Can you play piano concertos perfectly that you've only heard once in your life? No?

Anyone claiming there's no such thing as aptitude has been brainwashed by the political correctness propaganda train, and is making claims that have nothing to do with observables. I didn't and still don't think I need to give more elaborate examples to that effect.
 
  • #17
Asphodel said:
Can you play piano concertos perfectly that you've only heard once in your life? No?

Anyone claiming there's no such thing as aptitude has been brainwashed by the political correctness propaganda train, and is making claims that have nothing to do with observables. I didn't and still don't think I need to give more elaborate examples to that effect.

I used to think that aptitude was a serious factor in becoming great at something, until I saw overwhelming evidence to the contrary. There is no political correctness about it.
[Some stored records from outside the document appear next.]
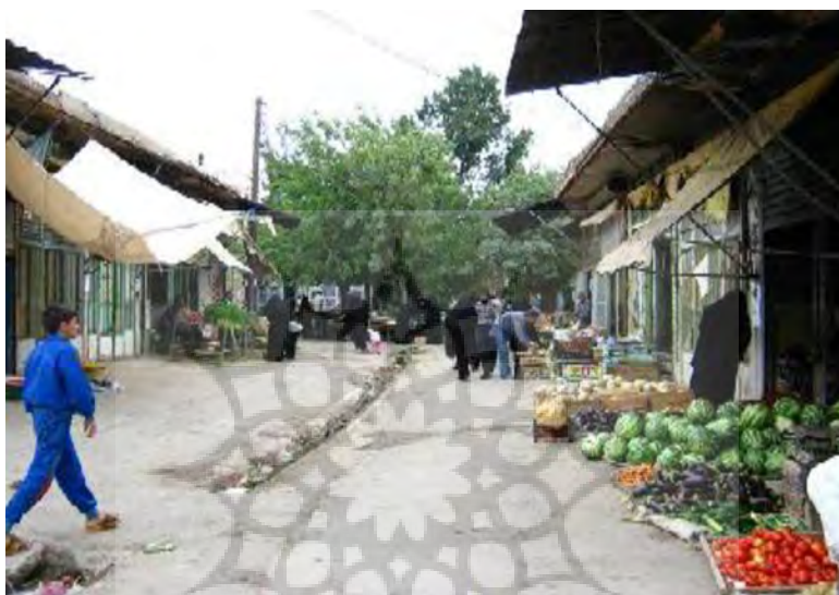
عکس میدان پا قلعه

پا قلعه‌ی دوم میدان دیگریست که محل برگزاری تعزیه در ایام سوگواری ماه محرم و صفر است و هنوز این نقش را حفظ کرده است.
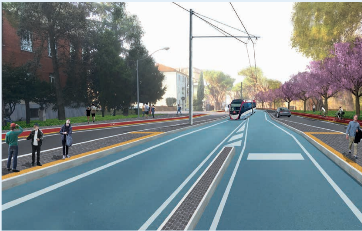
Un rendering del Trasporto rapido realizzato dal Comune di Rimini

La sindaca Parma: "Occasione storica per realizzare un sistema integrato di mobilità sostenibile"
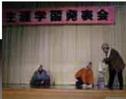
家庭円満の方法が分かりました(寸劇:町赤十字奉仕団)

カラオケと新舞踊の飛び入りやダンスと寸劇など、新たな分野に挑戦する出演者の旺盛なチャレンジ精神が、訪れた100名の皆さんに伝わり、会場全体が活気づいていました。
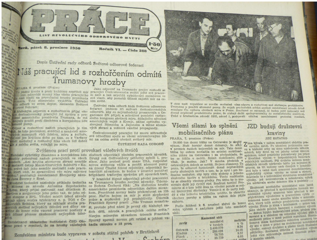
Obrázek 3 Deník Práce reaguje na hrozby použití atomových bomb proti Číně.
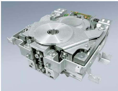
Schweizer Präzision als Herzstück der Waage
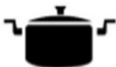
Rozsdamentes acél edény
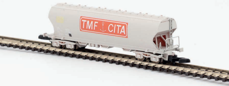
W01-TR1 Wagon céréalier TMF CITA rouge - époque IV-V
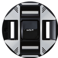
19인치 전면가공 휠
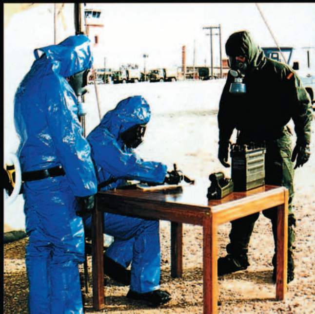
Punto de registro y control en una estación de descontaminación NBQ de personal.

Con este resumen se pretende dar a conocer una unidad del Ejército del Aire, que a pesar de su juventud, posee la experiencia de su antecesora, las ganas de trabajar de un personal que día a día demuestra su profesionalidad y con el suficiente empuje para poder ganar la apuesta del futuro ejército profesional ■

Read the peer reviewed studies.
 
  • #18
I believe it was Cicero who said, "constant practice devoted to one subject often outdoes both intelligence and skill."
 
  • #19
maze said:
I used to think that aptitude was a serious factor in becoming great at something, until I saw overwhelming evidence to the contrary. There is no political correctness about it. Read the peer reviewed studies.

Right... Link, please...

Asphodel said:
Anyone claiming there's no such thing as aptitude has been brainwashed by the political correctness propaganda train, and is making claims that have nothing to do with observables. I didn't and still don't think I need to give more elaborate examples to that effect.

I agree.

The|M|onster said:
I believe it was Cicero who said, "constant practice devoted to one subject often outdoes both intelligence and skill."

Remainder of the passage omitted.